--- Material supplied ---
——

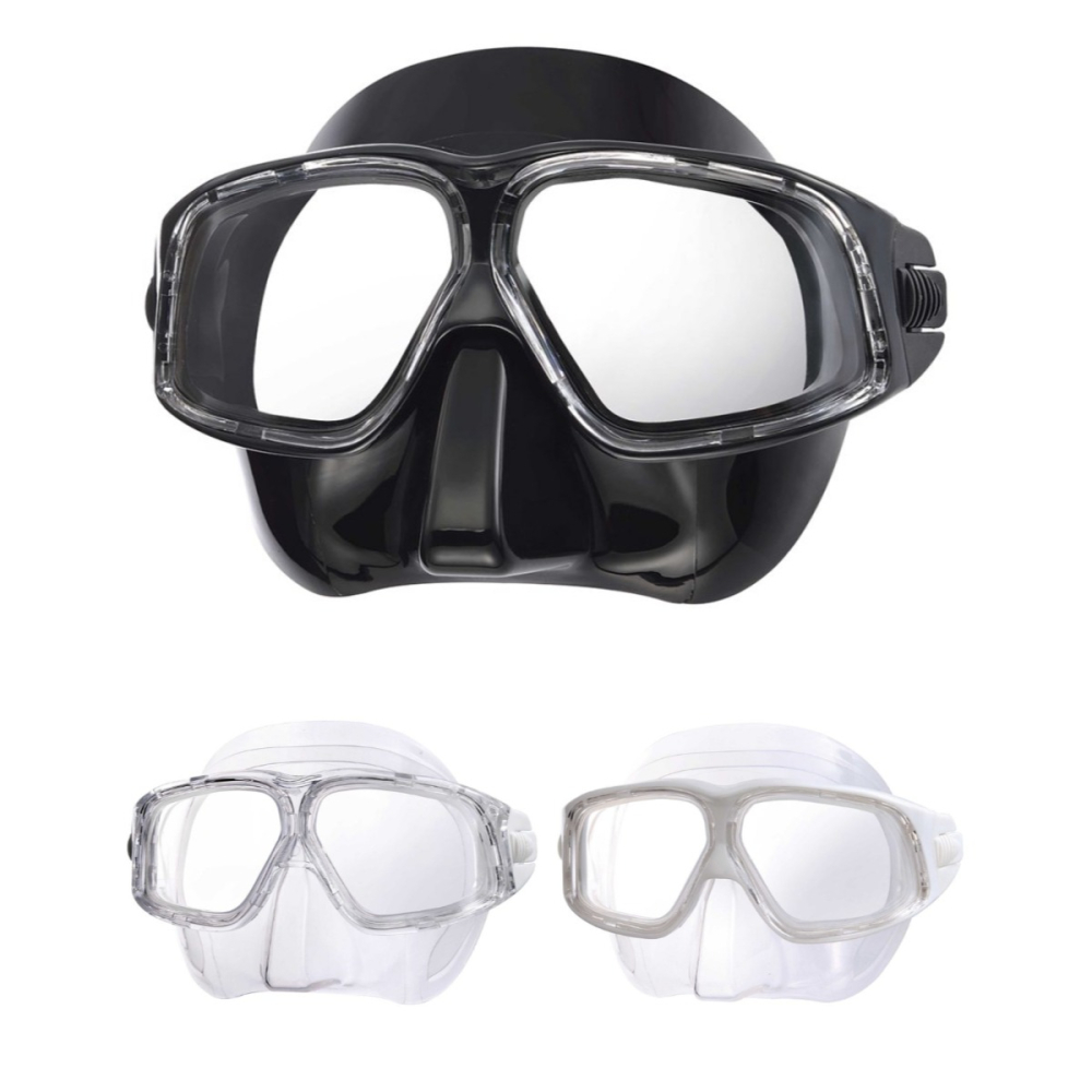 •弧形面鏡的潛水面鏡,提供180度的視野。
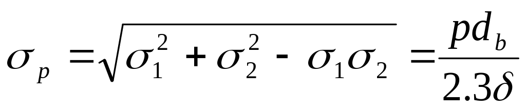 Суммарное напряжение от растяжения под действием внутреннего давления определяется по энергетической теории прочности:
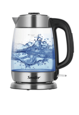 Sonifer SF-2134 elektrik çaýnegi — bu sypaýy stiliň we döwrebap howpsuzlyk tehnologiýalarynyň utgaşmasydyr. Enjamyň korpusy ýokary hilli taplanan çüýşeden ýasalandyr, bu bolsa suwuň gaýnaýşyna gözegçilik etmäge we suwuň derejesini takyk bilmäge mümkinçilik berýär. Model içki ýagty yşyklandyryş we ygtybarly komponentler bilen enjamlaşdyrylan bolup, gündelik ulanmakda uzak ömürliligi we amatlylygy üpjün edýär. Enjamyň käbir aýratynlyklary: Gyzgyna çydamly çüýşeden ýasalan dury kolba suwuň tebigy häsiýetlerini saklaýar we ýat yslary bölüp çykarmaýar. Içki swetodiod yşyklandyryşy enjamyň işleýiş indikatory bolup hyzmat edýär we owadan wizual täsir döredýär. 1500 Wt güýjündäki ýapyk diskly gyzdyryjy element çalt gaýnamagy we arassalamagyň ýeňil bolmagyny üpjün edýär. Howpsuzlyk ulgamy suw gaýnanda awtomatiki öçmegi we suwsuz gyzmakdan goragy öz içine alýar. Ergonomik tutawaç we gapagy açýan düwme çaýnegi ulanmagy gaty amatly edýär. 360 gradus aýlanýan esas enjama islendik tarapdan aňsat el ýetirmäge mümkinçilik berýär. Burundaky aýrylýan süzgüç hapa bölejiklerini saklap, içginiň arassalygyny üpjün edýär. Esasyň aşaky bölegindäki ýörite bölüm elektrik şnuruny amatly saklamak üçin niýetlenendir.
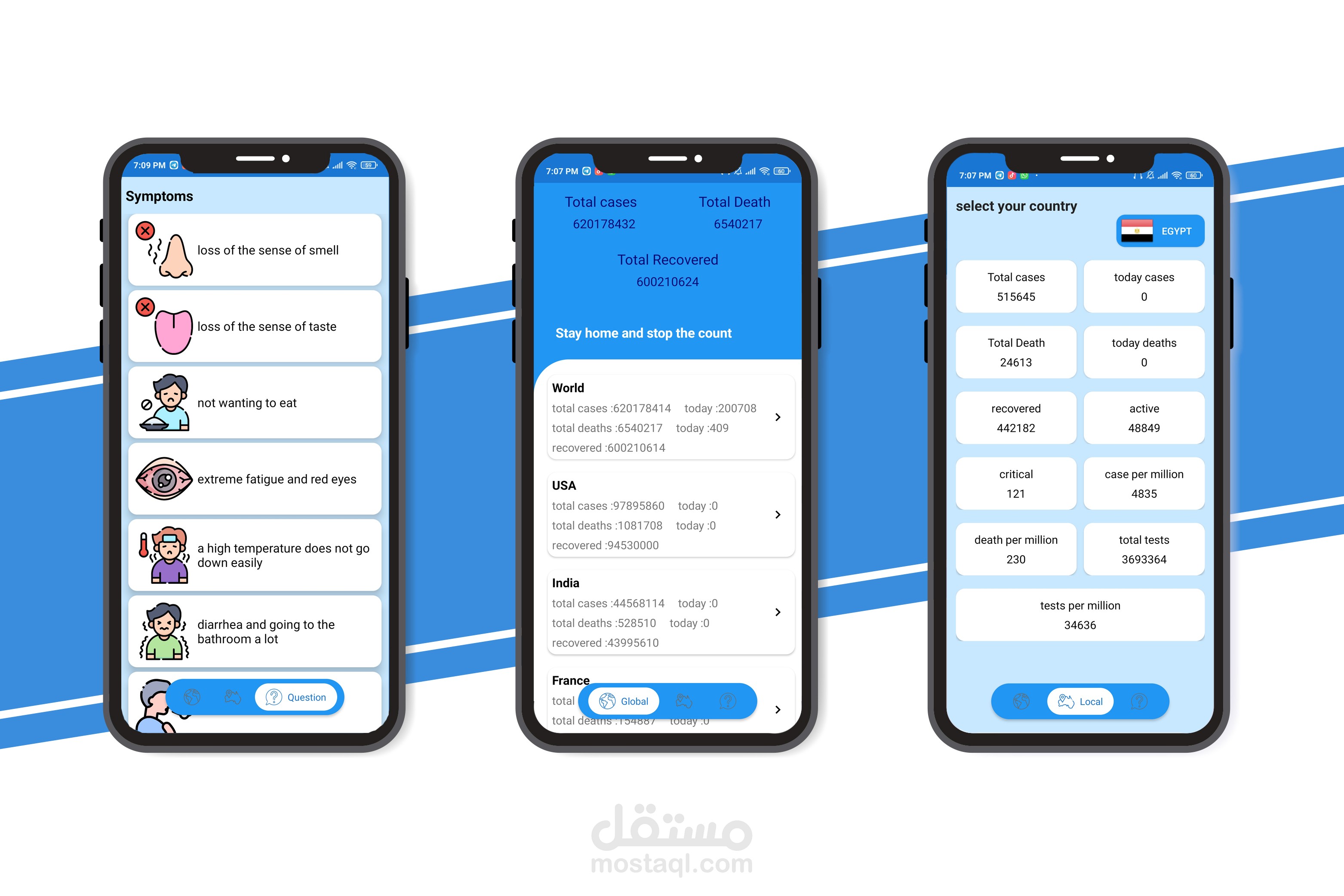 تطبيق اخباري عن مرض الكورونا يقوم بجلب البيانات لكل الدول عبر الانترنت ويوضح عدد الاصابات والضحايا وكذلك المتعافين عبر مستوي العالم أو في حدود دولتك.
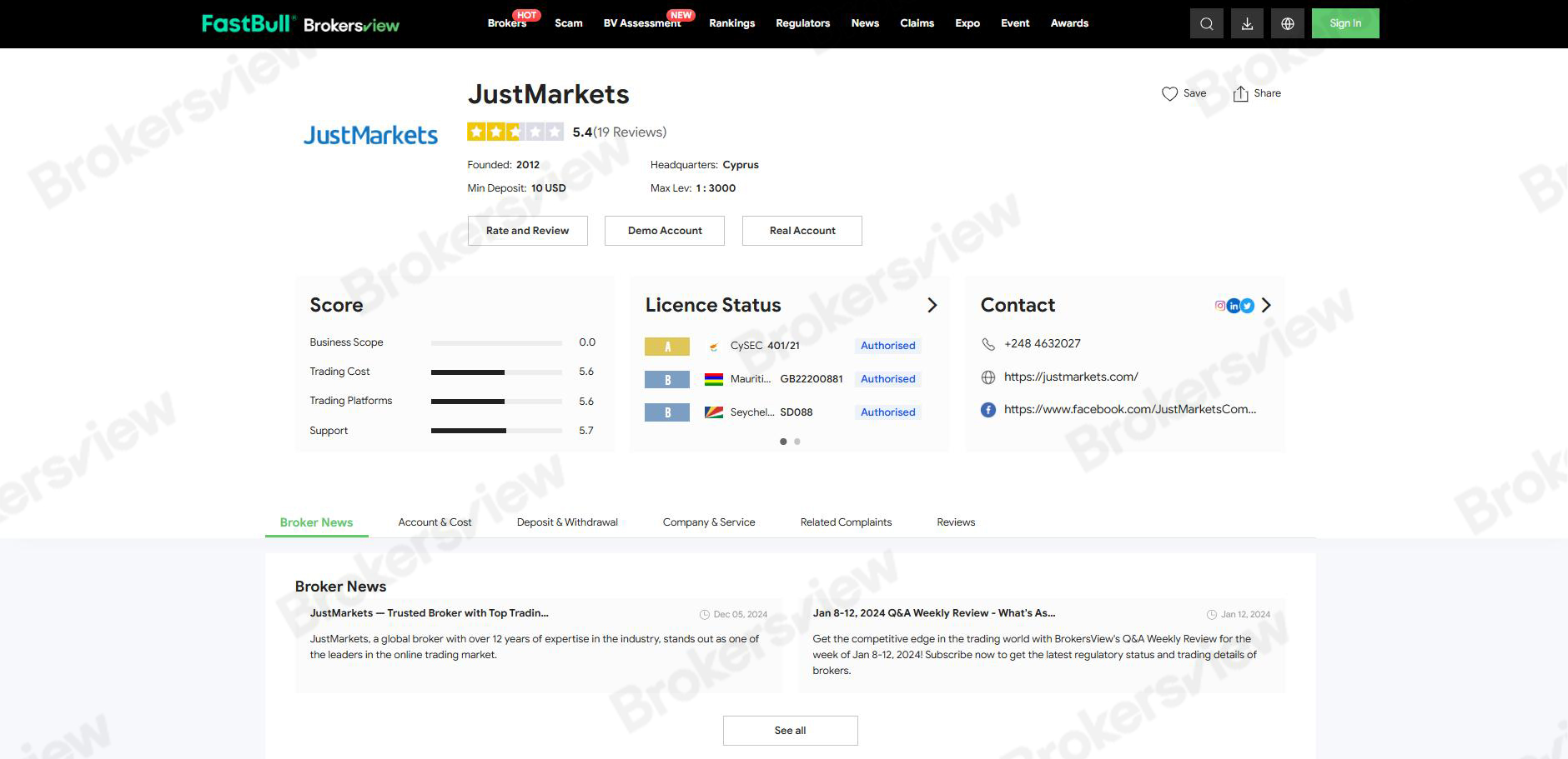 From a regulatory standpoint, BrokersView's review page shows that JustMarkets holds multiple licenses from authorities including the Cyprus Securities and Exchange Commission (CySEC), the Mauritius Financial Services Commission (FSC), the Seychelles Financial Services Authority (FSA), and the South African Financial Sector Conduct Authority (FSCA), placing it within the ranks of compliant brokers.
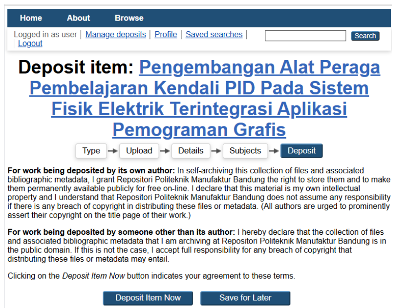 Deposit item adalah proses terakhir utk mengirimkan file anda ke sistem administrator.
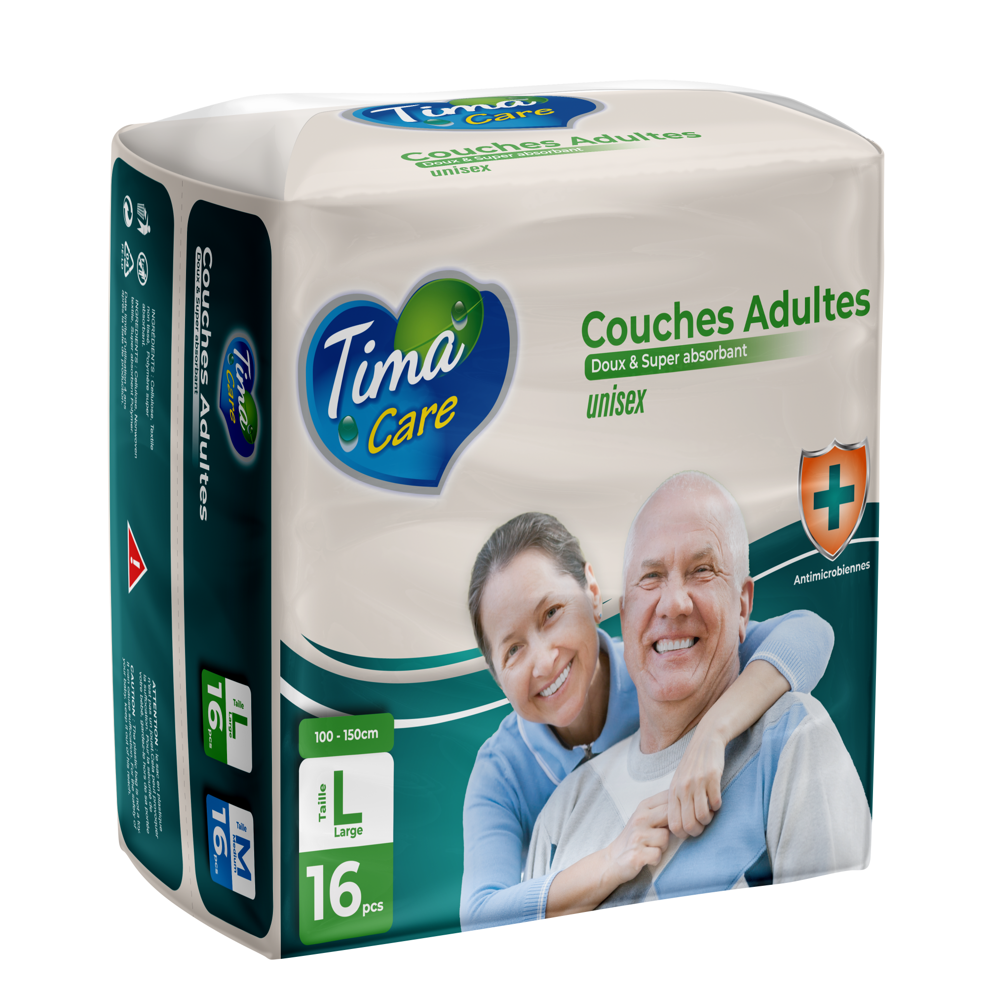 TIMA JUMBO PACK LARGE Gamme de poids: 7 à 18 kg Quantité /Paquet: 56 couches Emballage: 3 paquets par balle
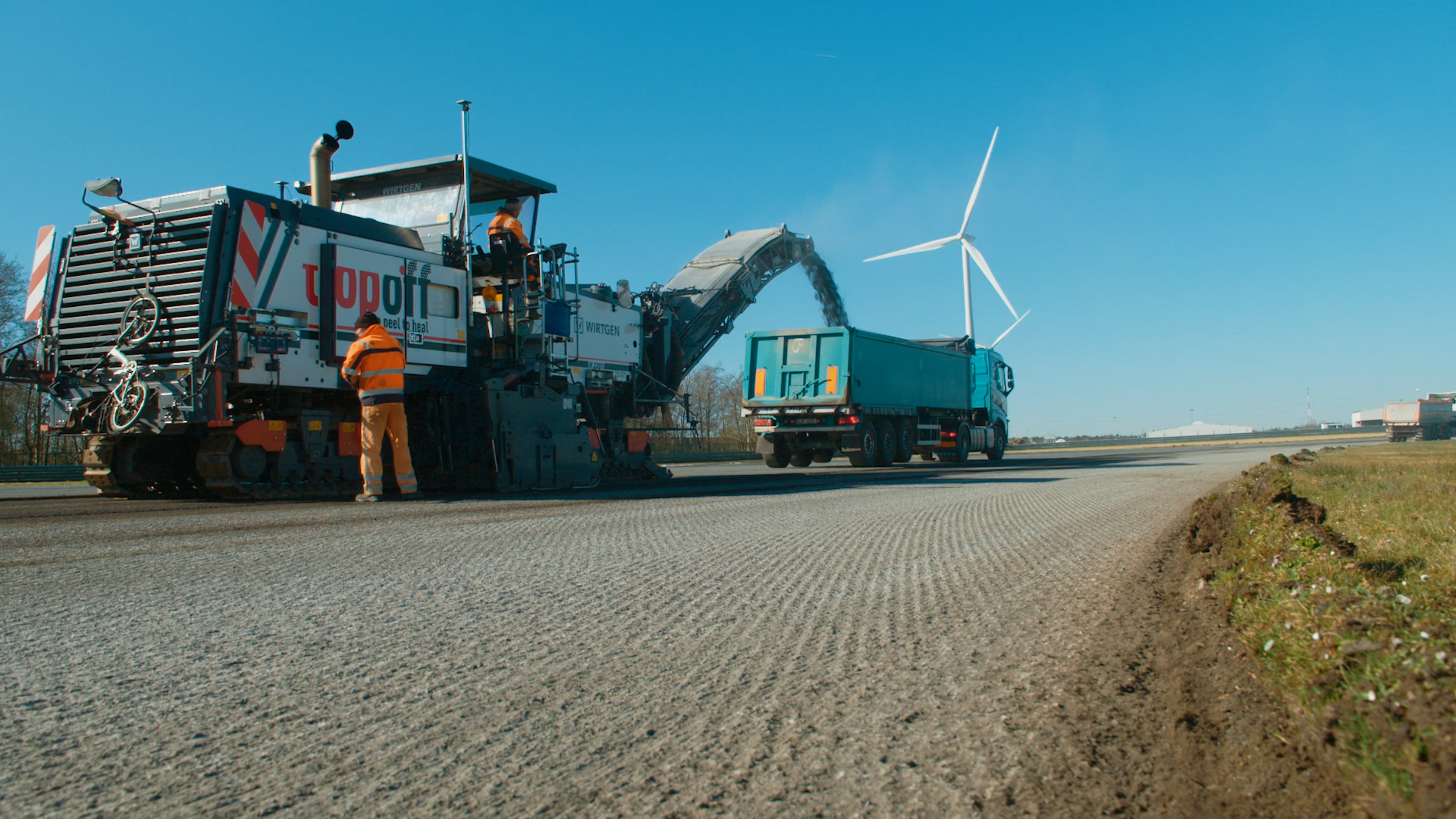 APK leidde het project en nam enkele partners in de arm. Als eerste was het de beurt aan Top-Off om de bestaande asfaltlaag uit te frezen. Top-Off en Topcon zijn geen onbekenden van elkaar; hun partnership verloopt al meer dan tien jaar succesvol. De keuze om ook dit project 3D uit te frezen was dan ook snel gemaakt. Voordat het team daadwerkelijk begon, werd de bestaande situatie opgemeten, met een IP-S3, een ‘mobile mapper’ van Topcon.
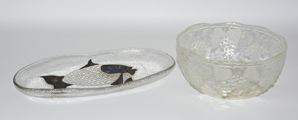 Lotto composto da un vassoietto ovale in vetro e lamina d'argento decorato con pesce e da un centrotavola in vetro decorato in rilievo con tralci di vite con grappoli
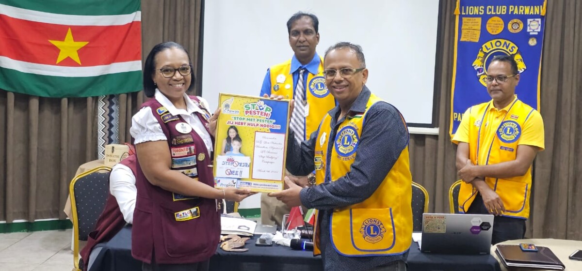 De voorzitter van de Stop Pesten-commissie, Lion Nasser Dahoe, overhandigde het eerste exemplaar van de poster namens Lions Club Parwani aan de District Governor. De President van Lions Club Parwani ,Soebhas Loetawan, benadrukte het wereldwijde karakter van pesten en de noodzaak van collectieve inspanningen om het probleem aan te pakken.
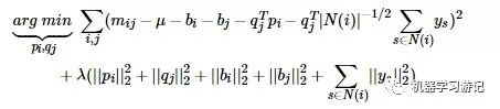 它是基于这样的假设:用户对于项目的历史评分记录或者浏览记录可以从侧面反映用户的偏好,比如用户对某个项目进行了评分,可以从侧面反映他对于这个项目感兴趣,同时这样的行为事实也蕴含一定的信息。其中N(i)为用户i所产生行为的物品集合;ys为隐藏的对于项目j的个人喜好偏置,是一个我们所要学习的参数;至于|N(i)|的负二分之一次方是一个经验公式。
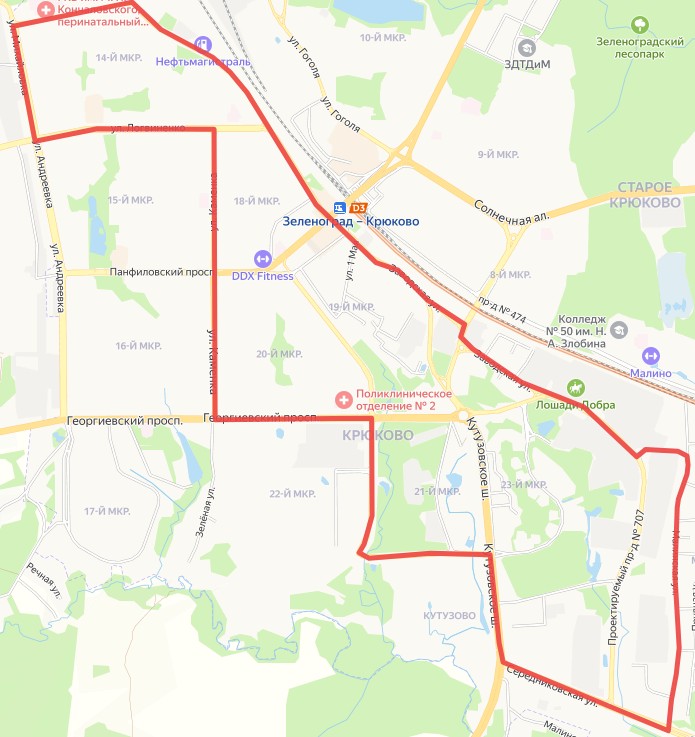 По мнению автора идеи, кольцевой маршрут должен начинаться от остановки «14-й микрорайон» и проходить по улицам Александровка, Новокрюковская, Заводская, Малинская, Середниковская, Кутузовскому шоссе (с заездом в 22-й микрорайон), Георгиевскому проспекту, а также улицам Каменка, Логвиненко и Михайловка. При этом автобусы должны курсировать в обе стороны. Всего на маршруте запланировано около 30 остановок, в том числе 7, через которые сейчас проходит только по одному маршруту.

——

--- Exercise instructions ---
Skip the pictures and quote each line of the entries above, from the first through the line with "Суммарное напряжение от", exactly as it appears.

--- Exercise response ---
 •弧形面鏡的潛水面鏡,提供180度的視野。
 Суммарное напряжение от растяжения под действием внутреннего давления определяется по энергетической теории прочности:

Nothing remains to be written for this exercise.